Ama yok. Neymiş. Özel hemşire ve gerekli ekipmanlarla evde de bakılabilirmiş. Koca sözü dinleyen kim ki!
Hemşire deyince cinlendim ve hemşir gelmesi şartıyla durumu kabullenmiştim. Ama şu an ki gibi bir durumla karşı karşıya geleceğimi de düşünmemiştim.
Elinde şırınga tutmayı seven, güdük parmaklı, iri kıyım bir arkadaş beklerken; iğne vururken bile hissettirmeyecek narin parmaklı, ince fizikli, güzel (dikkatinizi çekerim yakışıklı demedim) genç bir erkek gelmişti.
Dudakları etine dolgun, kalçaları yuvarlak ve beli inceydi. Onu ilk gördüğümde kız sandım ama değilmiş.
Lanet olsun kaderin böylesine be! Hemşir resmen görüntüsüyle 'ben bu endamla herkesin gönlünü İstanbul gibi fethederim' diye bağırıyordu.
Nico'yu kontrol ederken ya da yarasına pansuman yaparken gözlerimi bir an bile üzerinden ayırmıyordum.

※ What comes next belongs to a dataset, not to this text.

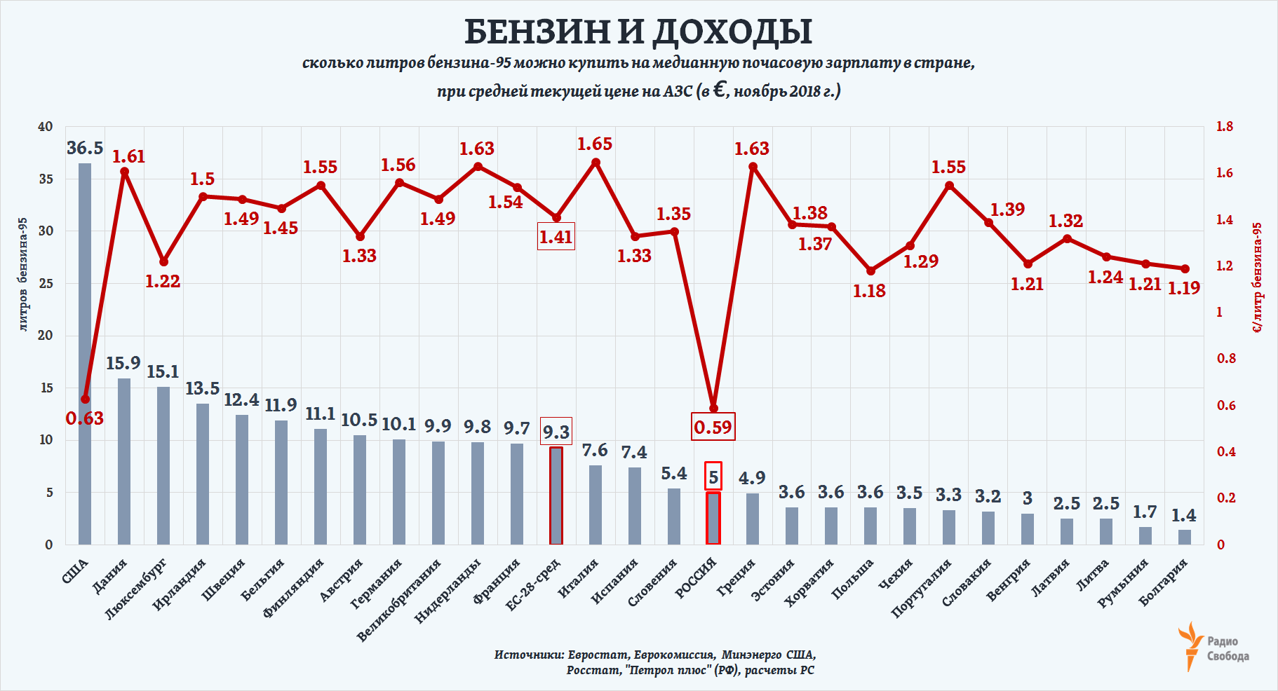 Однако в какой мере текущие цены на бензин отражают в целом доступность автомобильного топлива в той или иной стране для среднестатистического ее жителя, исходя из его текущих доходов? По последним из имеющихся на сегодня данным официальной статистики в России, США и Европе мы примерно рассчитали, сколько именно литров автомобильного бензина можно купить сегодня на сумму среднего по стране почасового заработка.

Ciddiyetle işini yapıyor gibi görünüyor olabilirdi ama ben yemezdim. Has odaya yeni cariye gelmiş Hürrem gibi hissetmem normal değildi be anam babam.
"Pansumanınız tamam Nico bey-"
"Nicolò. Tam adı bu hemşir bey."
Nico, verdiğim sert tepkiden dolayı hafifçe tebessüm etmişti. Deli gibi kıskandığımı çok mu belli ediyordum?

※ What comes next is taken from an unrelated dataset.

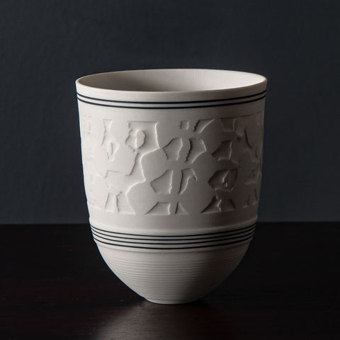 Horst Göbbels, own studio, Germany, porcelain vase with pattern in relief J1316

Hemşir sevimli bir şekilde yüzüme gülümseyip ilkyardım malzemeleri bulunan çantayı aldığı gibi yatağın yanından kalktı. "Birazdan size ilaç vereceğim. Bu yüzden hemen yemeğinizi getirip size yedir-"
"Gerek yok. Ben yediririm, kocama. Canım kocişime. Değil mi kocacım benim?" Üç cümlede koca kelimesinin altından girip üstünden çıktım.

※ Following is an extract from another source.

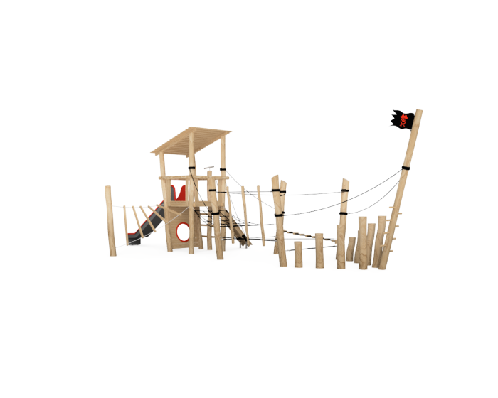 Balancierkahn aus chemisch unbehandeltem Robinienkernholz geschliffen, Podesthöhe 150 cm, mit Pultdach, Sprossenaufstieg, Schrägaufstieg, verdrehte Leiter, Rutschbahn aus Polyester rot/anthrazit und Balancier-Parcours.

Nico dudaklarını birbirine bastırınca kendini gülmemek için tuttuğunu anladım. Ters bakışımı görünce hemen ciddiyete büründü. "Elbette bebeğim."
Çenemi hafifçe yukarı kaldırıp Hürremvâri mağrur bir duruş sergileyerek hemşir denilen güzel mahlukata baktım. İçten içe gömmek isterken niyeyse iltifatla gömüyordum. Kendimi sikeceğim.
Yanımdan tüm alımıyla geçerken 'Zeherleyecem seni' diyesim geldi. Entrika üstüne entrika çeviren Hürrem gibi olasım vardı.
O odadan çıkar çıkmaz Nico gülmeye başladı.
"Ne gülüyon lan?"
Ama ben o şekilde konuşunca gülüşü yarıda kesildi. "Babacığına lan mı dedin sen, bebeğim?"
Sikecekmiş gibi niye bakıyor şimdi? Kıvır Afşar sultan kıvır da aklını al Nico padişahın. "Yok kocam benim. Yanlışlıkla kaçtı ağzımdan." Dudaklarım üzerine parmaklarımla vurup "Kötü Afşar. Seni hınzır seni."deyince bakışları yumuşadı.
ŞİMDİ OKUDUĞUN
HEDEF : SUGAR DADDY [GAY]
General Fiction18 yaşında yakışıklı bir genç adam olarak bende kendi yoluma bakıyordum. Yolum ne miydi? Özel bir internet sitesinden sugar daddy aramak elbette. Kusura bakmayın ama ekmek elden su gölden diyerek yaşayan bir karaktere sahiptim. Bende yalan yok. Doğr...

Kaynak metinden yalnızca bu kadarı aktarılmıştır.